ORGANOGENESIS HOLDINGS INC.
NOTES TO UNAUDITED CONSOLIDATED FINANCIAL STATEMENTS
Three and Six Months Ended June 30, 2019 and 2018
(amounts in thousands, except share and per share data)
1. Nature of the Business and Basis of Presentation
Organogenesis Holdings Inc. (formerly Avista Healthcare Public Acquisition Corp.) (“ORGO” or the “Company”) is a leading regenerative medicine company focused on the development, manufacture, and commercialization of solutions for the Advanced Wound Care and Surgical & Sports Medicine markets. The Company’s products have been shown through clinical and scientific studies to support and, in some cases, accelerate tissue healing and improve patient outcomes.
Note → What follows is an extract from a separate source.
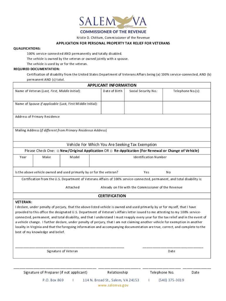Kristie D. Chit tum, Commissioner of the RevenueAPPLICATION FOR PERSONAL PROPERTY TAX RELIEF FOR VETERANS QUALIFICATIONS: 100% service connected AND permanently and totally disabled. The vehicle is

The Company is advancing the standard of care in each phase of the healing process through multiple breakthroughs in tissue engineering and cell therapy. The Company’s solutions address large and growing markets driven by aging demographics and increases in comorbidities such as diabetes, obesity, cardiovascular and peripheral vascular disease and smoking. The Company offers differentiated products andin-house customer support to a wide range of health care customers including hospitals, wound care centers, government facilities, ambulatory service centers (ASCs) and physician offices. The Company’s mission is to provide integrated healing solutions that substantially improve medical outcomes and the lives of patients while lowering the overall cost of care.
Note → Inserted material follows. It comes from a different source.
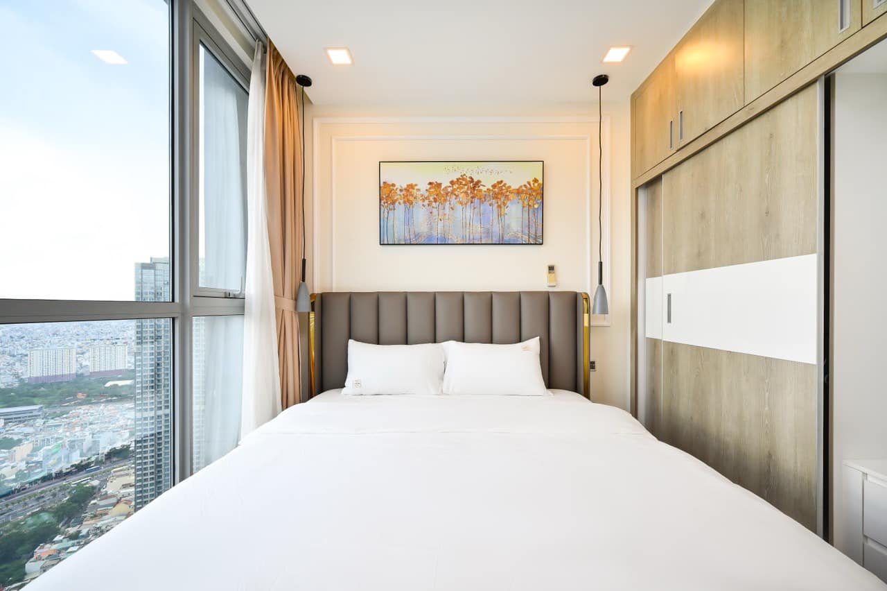 Cho thuê căn hộ 2 phòng ngủ ngắn hạn Vinhomes Central Park mang đến trải nghiệm sống tiện nghi, hiện đại. Căn hộ được vệ sinh kỹ lưỡng trước và sau mỗi lần thuê, đảm bảo không gian sạch sẽ, an toàn. Nội thất cao cấp, hỗ trợ đặt phòng 24/7 qua trang liên hệ.

The Company offers a comprehensive portfolio of products in the markets it serves that address patient needs across the continuum of care. The Company has and intends to continue to generate data from clinical trials, real-world outcomes and health economics research that validate the clinical efficacy and value proposition offered by the Company’s products. The majority of the existing and pipeline products in the Company’s portfolio have Premarket Application approval, Business License Applicant approval or Premarket Notification 510(k) clearance from the United States Food and Drug Administration (“FDA”). Given the extensive time and cost required to conduct clinical trials and receive FDA approvals, the Company believes its data and regulatory approvals provide us a strong competitive advantage. The Company’s product development expertise and multiple technology platforms provide a robust product pipeline which the Company believes will drive future growth.
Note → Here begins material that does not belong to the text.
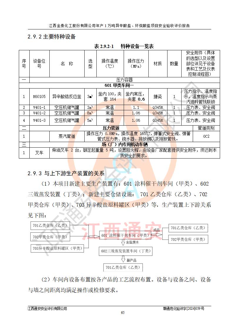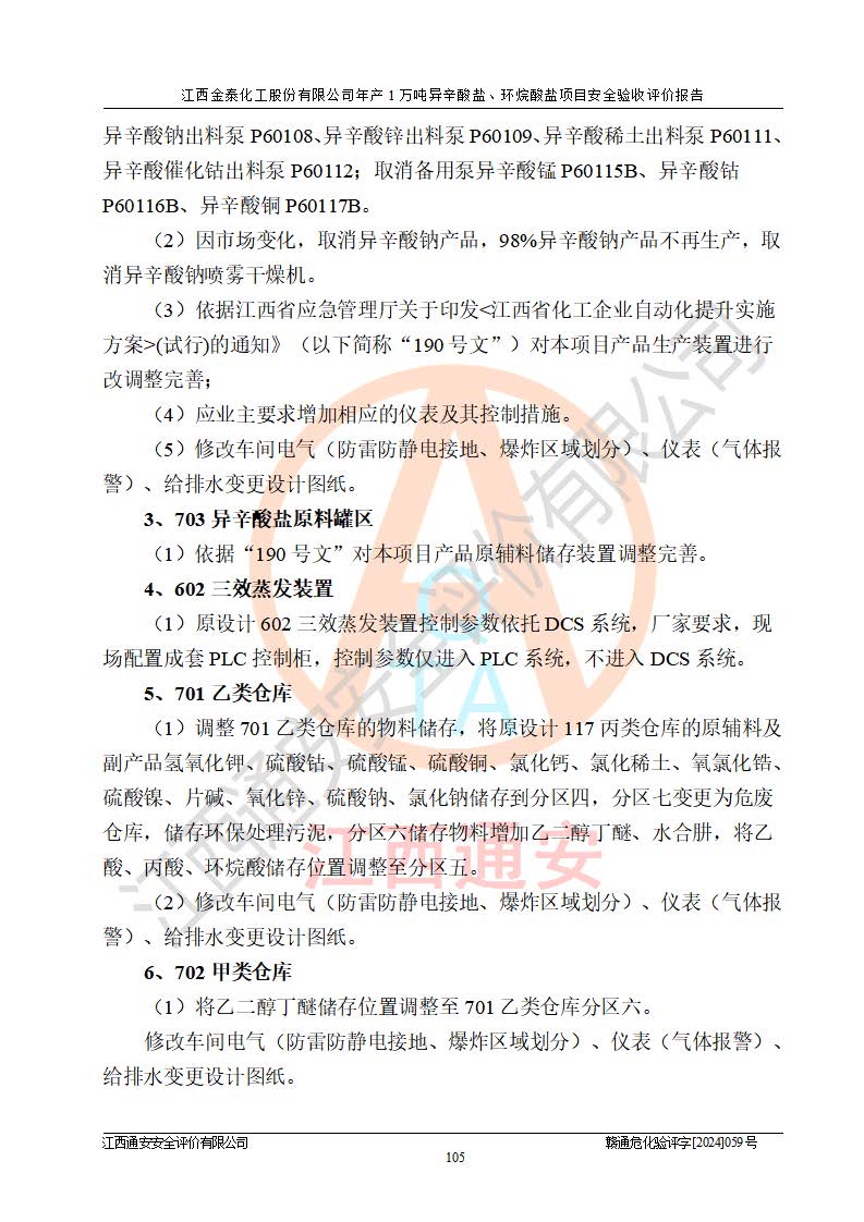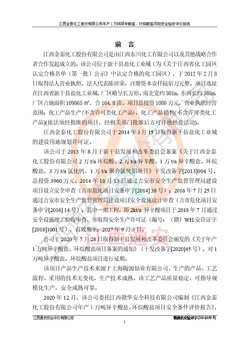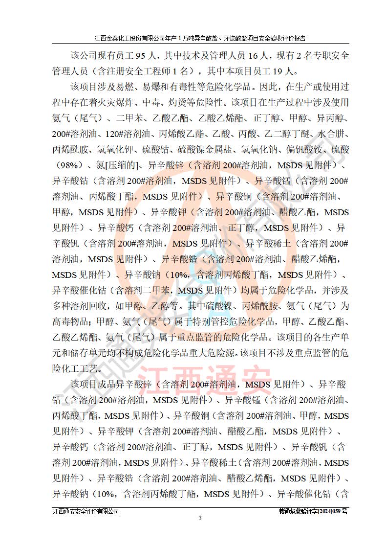 评价报告名称 | 江西金泰化工股份有限公司年产1万吨异辛酸盐、环烷酸盐项目安全验收评价报告 | |||

Merger with Avista Healthcare Public Acquisition Corp
On December 10, 2018, Avista Healthcare Public Acquisition Corp., our predecessor company (“AHPAC”), consummated the previously announced merger (the “Avista Merger”) pursuant to an Agreement and Plan of Merger, dated as of August 17, 2018 (as amended, the “Avista Merger Agreement”), by and among AHPAC, Avista Healthcare Merger Sub, Inc., a Delaware corporation and a direct wholly-owned subsidiary of AHPAC (“Avista Merger Sub”) and Organogenesis Inc., a Delaware corporation (“Organogenesis Inc.”). As a result of the Avista Merger and the other transactions contemplated by the Avista Merger Agreement, Avista Merger Sub merged with and into Organogenesis Inc., with Organogenesis Inc. surviving the Avista Merger and becoming a wholly-owned subsidiary of AHPAC. AHPAC changed its name to Organogenesis Holdings Inc. (ORGO).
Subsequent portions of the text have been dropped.